Carlos pestañeó pues no estaba acostumbrado a que nadie en todo el instituto le hablase de ese modo. Y los profesores tampoco eran una excepción, ya con apenas esa edad era todo un niño prodigio. En aquel entonces acostumbraba a vestir correctamente el uniforme. Su complexión era delgada, todo lo contrario a lo que sería con el paso del tiempo y lucía su cabello tazón sin un solo pelo rubio salido de su lugar.

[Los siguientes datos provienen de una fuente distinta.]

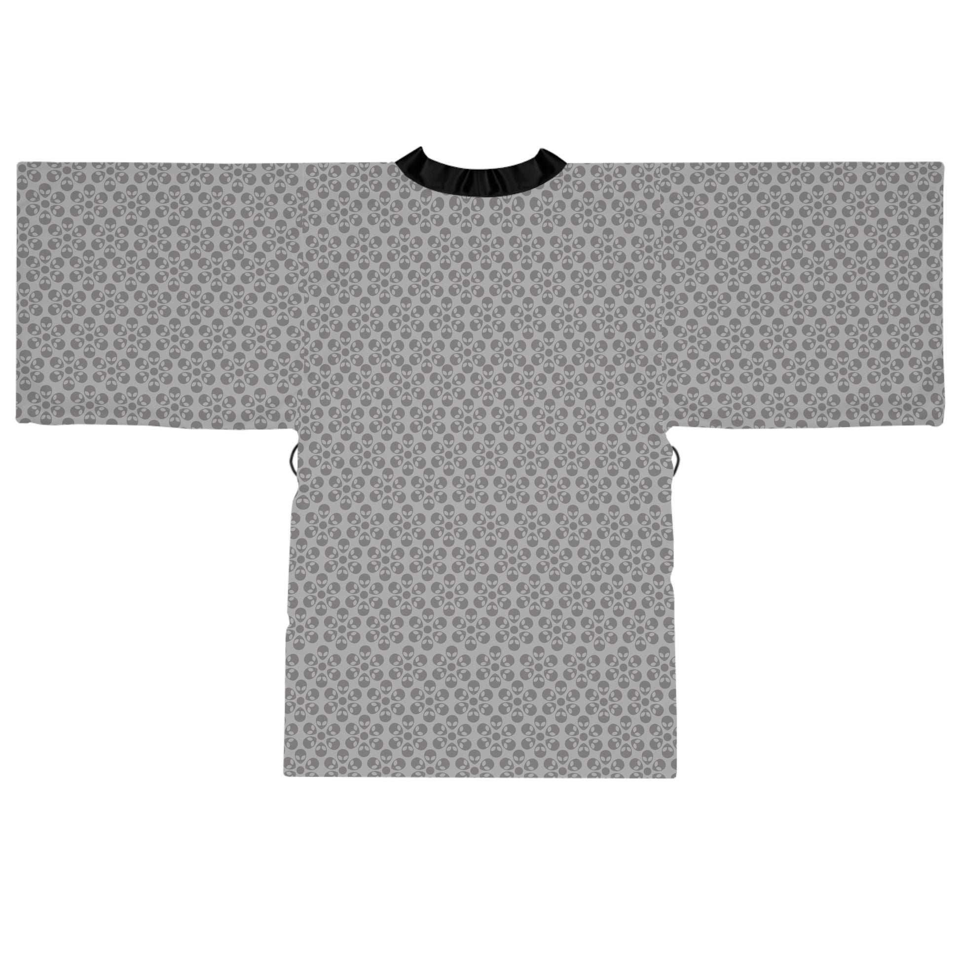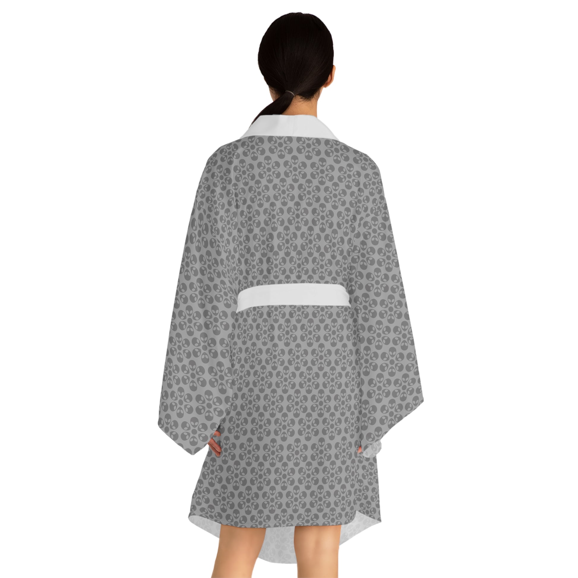 Chic Floral Long Sleeve Kimono Robe Bohemian Loungewear Relaxation Gift Spa Day Essential Cozy Home Attire Trendy Style Alien Flowers Light Grey
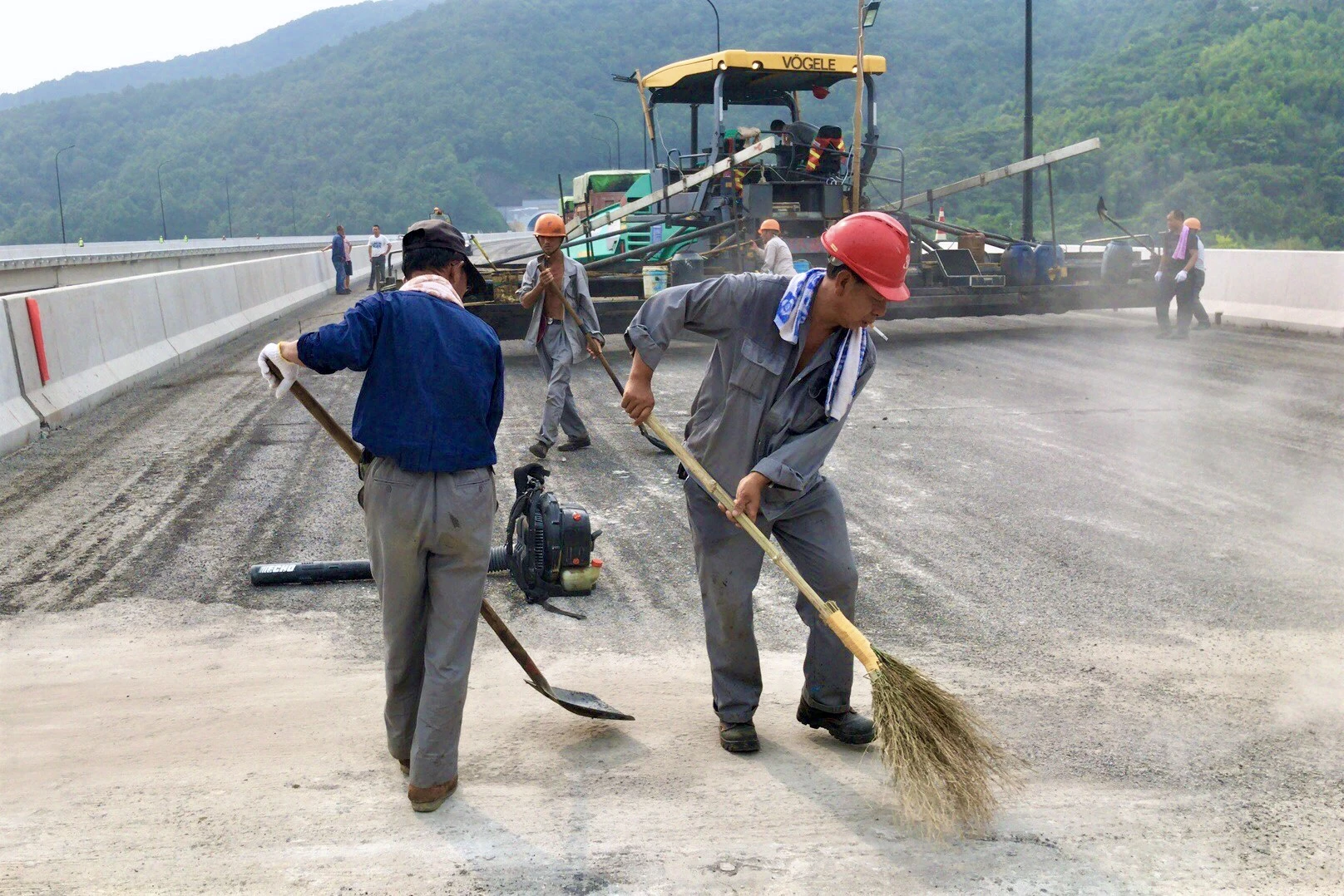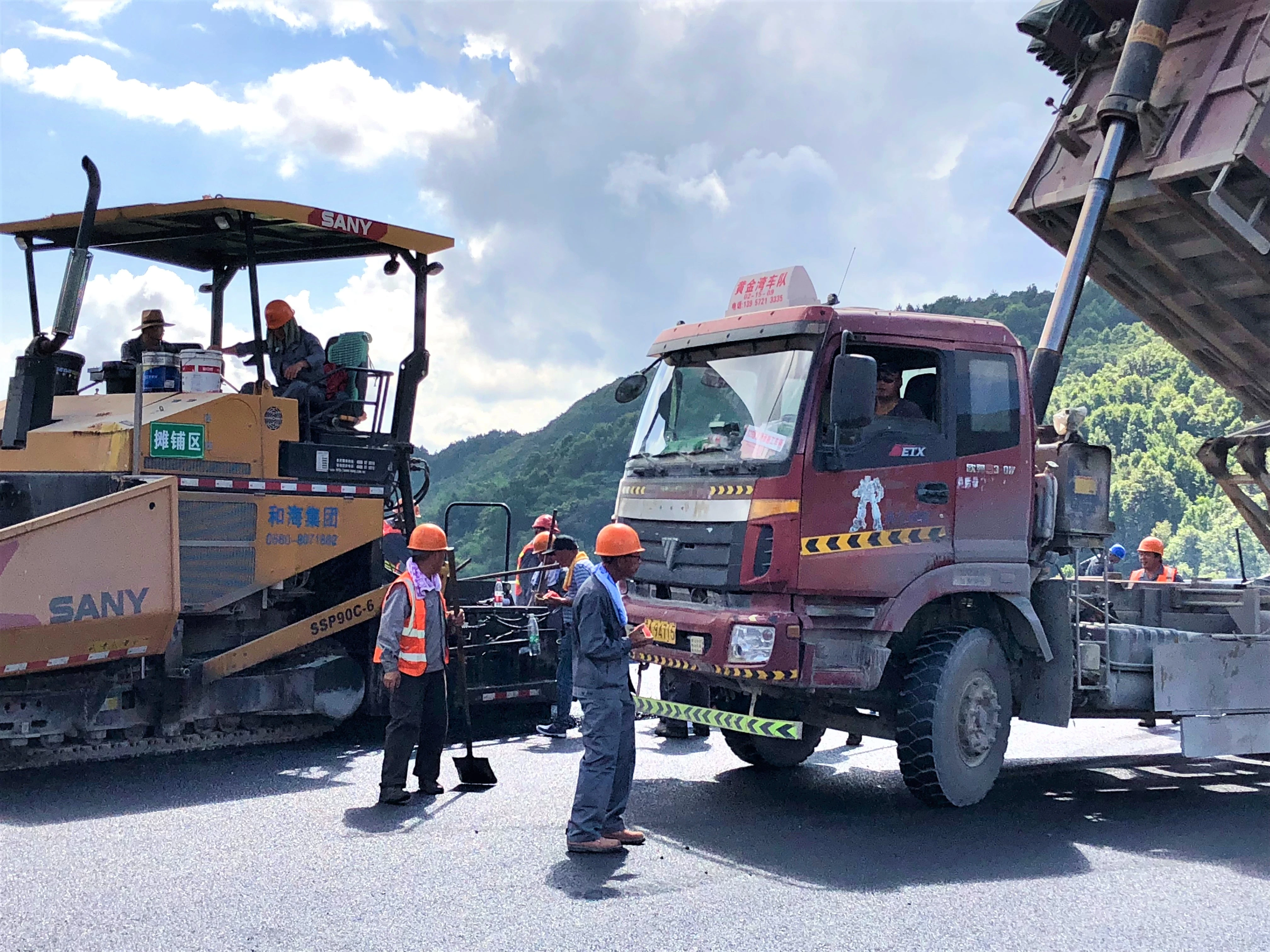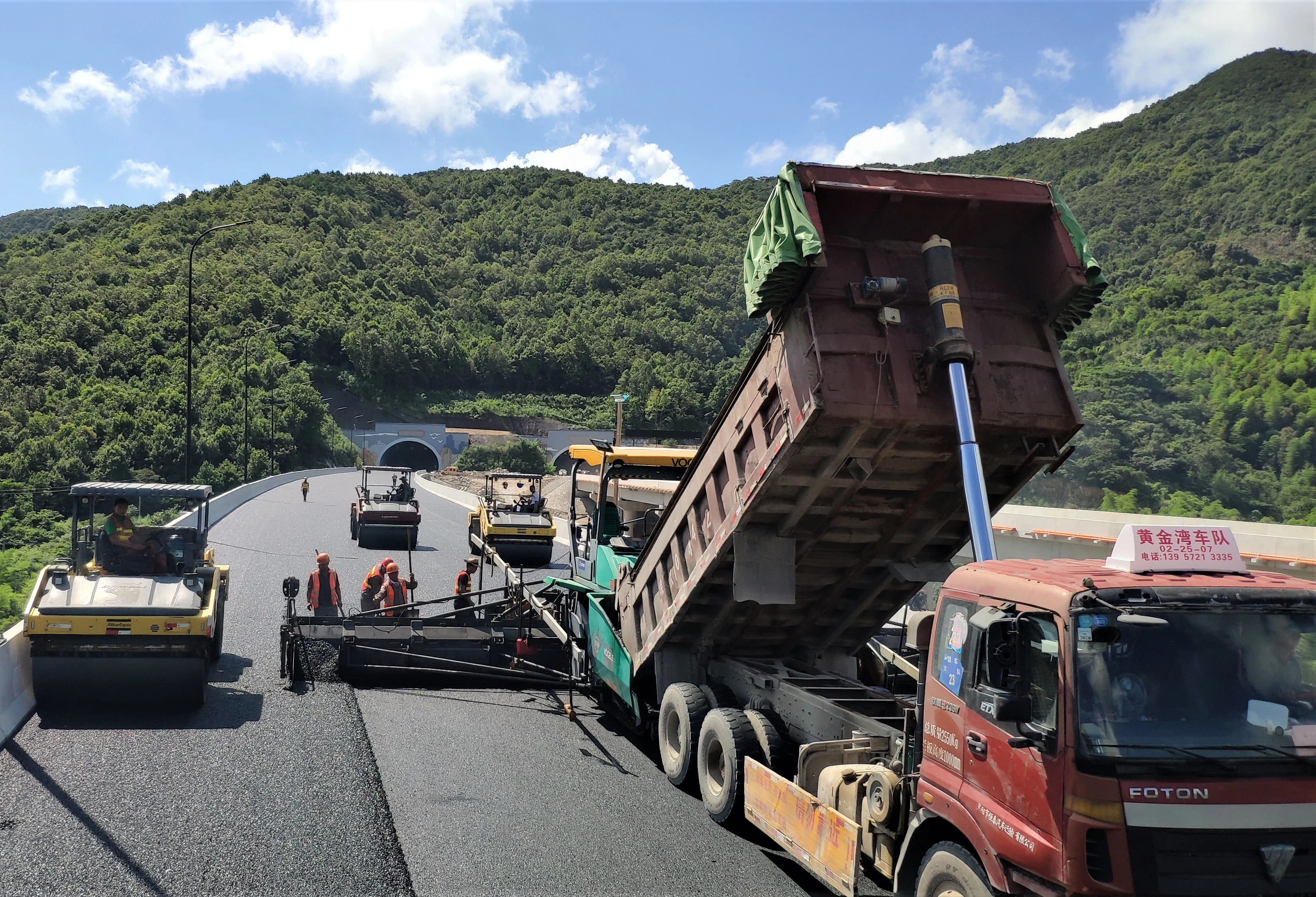 8月13日,从早上4点到晚上10点,历时整整18个小时,工人们不辞辛苦地加班加点,一边生产一边施工,顺利完成了329国道竹尖岗隧道及路口的施工。当日沥青混凝土的产量高达3074吨,是平日产量的1.5倍,创公司单日生产新高!

— Me han enseñado a respetar a las personas que son más mayores que yo y tú lo eres, así que no haré ninguna excepción — dijo con una sonrisa vivaracha en sus labios sonrosados, los cuales serpentearon antes de escapársele un estornudo.
Me precipité por ocultarme los ojos con algunos mechones ensortijados, como si así me ahorrase ver los suyos, cuyo color parecía habérselo robado al cielo en una radiante mañana de primavera. Torcí el morro. Carlos Galliano nunca me había caído bien, demasiado brillante, demasiado educado, ¡demasiado irritante! Las niñas solían asaltarle por los pasillos con odiosas cartas de amor. Tampoco me molestaba del todo ya que podría usarlas de papel higiénico si en algún momento se daba el caso. Pero él, por el contrario, las guardaba dentro de su taquilla por no tirarlas a la basura y con ello romper los sentimientos de sus admiradoras. Puf, tan, tan, tan insoportable. ¿Cómo podían quererle tanto? ¿Y por qué pese a todo él se comportaba como si en verdad no lo mereciese? Ag... ¿a quién pretendía engañar? Desde un principio supe la razón de mi comportamiento hacia Carlos y es que en el fondo le tenía envidia, envidia porque a su edad me hubiese gustado ser así. Alguien al que mirasen con la cabeza en alto, no agachada y rehuyendo mi mirada. Desde mis comienzos en Shakespeare pronto se había corrido la voz de que vivía en Noire y con ello le siguieron un montón de rumores que avivaron la leyenda negra que persiguió a mi persona hasta años después. La única razón por la cual continuaba allí era debido a que la directora Scott era prima de mi tía Mónica y al darle la noticia de mi inscripción allí, ella le insistió en no dejarme marchar hasta que fuese alguien de provecho. O mejor dicho, alguien del que no avergonzarse. Y pensando en todas esas cosas conforme miraba a Carlos mis dientes rechinaron. Era evidente que de aquí a un futuro muy lejano aquel niño se convertiría en alguien sobresaliente en cualquier profesión que se le antojase.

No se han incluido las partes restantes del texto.